Tag Archives: Bill Viola

What we behold becomes us, too

My favorite part of The Last Lecture, which to me is also the most moving part, is the twist ending: Randy Pausch head-faking all of us into believing that his 76-minute aphoristic speech was intended primarily for the general audience.

Oddly, after yesterday’s seminar–to date, the most poignant for me–I began to feel this same sense of being pleasantly (and movingly) hoodwinked. Something about Bill Viola’s essay and the wonderful commentary provided by my colleagues and presenters Jim Kendrick and Rob Rogers crystallized something in my brain. To their credit, I don’t think I could have teased out as much meaning from Viola without their presentation. Another read of “Will There Be Condominiums in Data Space?” is surely in order. To Gardner’s credit, sequencing the Viola essay after McLuhan was a stroke of genius.

In doing the required readings for NMFS and blogging haphazardly, and in listening to presentations and ideas being brought forth about the many topics we’ve investigated, my assumption has been that the proper focus of this class is the New Media itself. Like the typical student, I’ve progressed through readings and discussions with a lingering refrain in my head that goes, “Ok, so that’s interesting. But what’s the most important thing about this? What do I take away from all this?”

After yesterday’s seminar, something clicked. I had a mind splinter all evening and into this morning. Call it a moment of clarity, if you like, but I think I’m at the precipice of real understanding here. The most startling realization for me is that we have, in fact, been head-faked: This class is NOT about New Media at all. It’s about Us (with a capital ‘u’). It’s about our need for finding meaning in everything that we do and see and hear, and it’s about HOW we go about constructing that meaning for ourselves, cognitively speaking. It’s about the human brain–although, “mind” sounds better to me–and how it devours everything in the pursuit of truth and beauty “steadily and without any resistance.” It’s about how memory and the act of remembering IS like art: Every waking hour, we’re constantly editing, rearranging, and combining our memories all for the sake of telling stories and teasing out meaning from life.
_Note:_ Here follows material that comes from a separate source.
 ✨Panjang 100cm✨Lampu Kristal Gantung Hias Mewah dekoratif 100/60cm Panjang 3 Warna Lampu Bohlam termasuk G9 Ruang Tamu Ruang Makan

And it’s about how we instinctively and incessantly project those cognitive tendencies into the material world in the form of media, all again for the sake of making sense of it all.

But this is a class about New Media, after all. So what’s the point? The point is this: For the first time in human history, we have the most complete and elegant mechanism for extending our minds–THE most important part of ourselves–into the material world. Beholding the Internet with all of its attendant weirdness and beauty is like standing back from your own brain as you would admire it in some glass case in a museum: There we are, perfectly externalized in technological form, warts and all! (Only, you’re not looking at just your brain, but a billion others, too).
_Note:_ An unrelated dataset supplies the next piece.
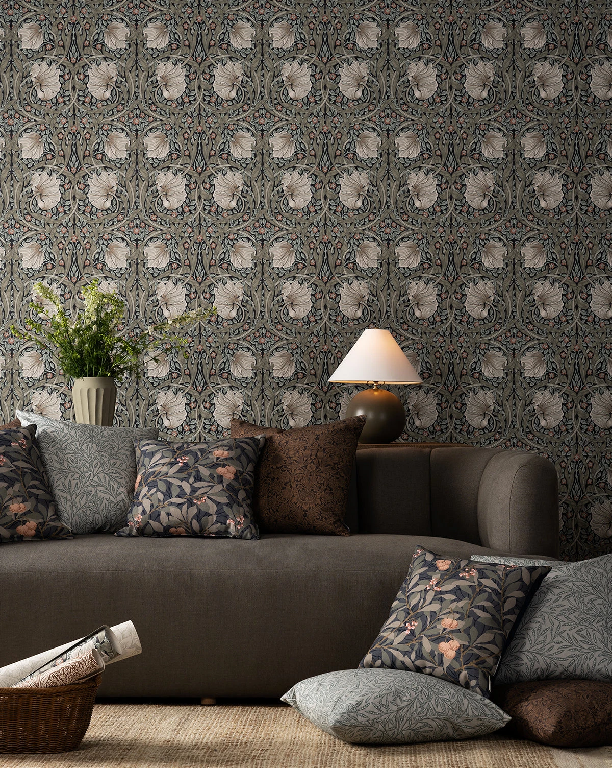 The Pimpernel Ink Wallpaper is a signature 1876 Morris & Co. pattern reimagined in a new color palette, created exclusively for McGee & Co. in collaboration with Shea McGee. The dramatic motif features a softened floral effect in a deep tone, enhancing every detail of the space it occupies.

Marshall McLuhan writes that “We become what we behold,” but I’d wager the opposite is just as true: That what we behold becomes us. As Viola demonstrates with his water wall technology via video in “Ocean Without A Shore,” the better technology becomes, the more it enables us to convey ideas like the thin wall separating life and death, for example, exactly as that idea might have occured in a dream. That’s to say nothing of the fact that, not only can we now map our minds into our own data spaces; we can also connect to shared data spaces and take advantage of collective intelligence and creativity that exists there.

Again, my mind goes back to McLuhan. I can finally understand why modern computing as a medium (although, to be correct, it should be “media” because computers allow us to call on all media at once) is conceptually more important than all the bits and bytes that make it possible–or more important than all the individual tools and services that we as educators and technologists feel compelled to incorporate into the classroom. As for the message:

” … the ‘message’ of any medium or technology is the change
of scale or pace or pattern that it introduces into human affairs.”
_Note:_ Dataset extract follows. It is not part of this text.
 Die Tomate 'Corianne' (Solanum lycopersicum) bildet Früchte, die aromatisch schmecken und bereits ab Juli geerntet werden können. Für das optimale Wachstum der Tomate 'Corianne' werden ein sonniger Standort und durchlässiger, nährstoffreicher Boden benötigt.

The standard response of the technophobe is that computers are making us all into robots. But if like McLuhan we accept the notion that any medium’s message alters the scale of our sense ratios to the extent individual senses are emphasized over others, then the greatest promise of our digital age is that the Internet may in fact help to make us more fully human since it represents our collective brains “externalized in technological form.” It means that learning and creating with New Media means we are doing something more fundamentally innate and human than if we were locked away in our own rooms reading the printed page. And I think this is what everyone from Bush, Engelbart, Nelson, and Kay were getting at in their individual essays when they pointed to the power of computing and its ability to more fully replicate our thought patterns and the promise that it could make us smarter by allowing us to collaborate more richly.

Finally, I came away with another notion yesterday that’s harder to verbalize or pin down in a single blog post, but it has something to do with how life is really a lot like art. Every breath represents another opportunity to create, to remember, edit, and rearrange our own stories and ideas in our own data spaces to find meaning. What’s even better is that I can now share my data space with you, just as you can share yours with me.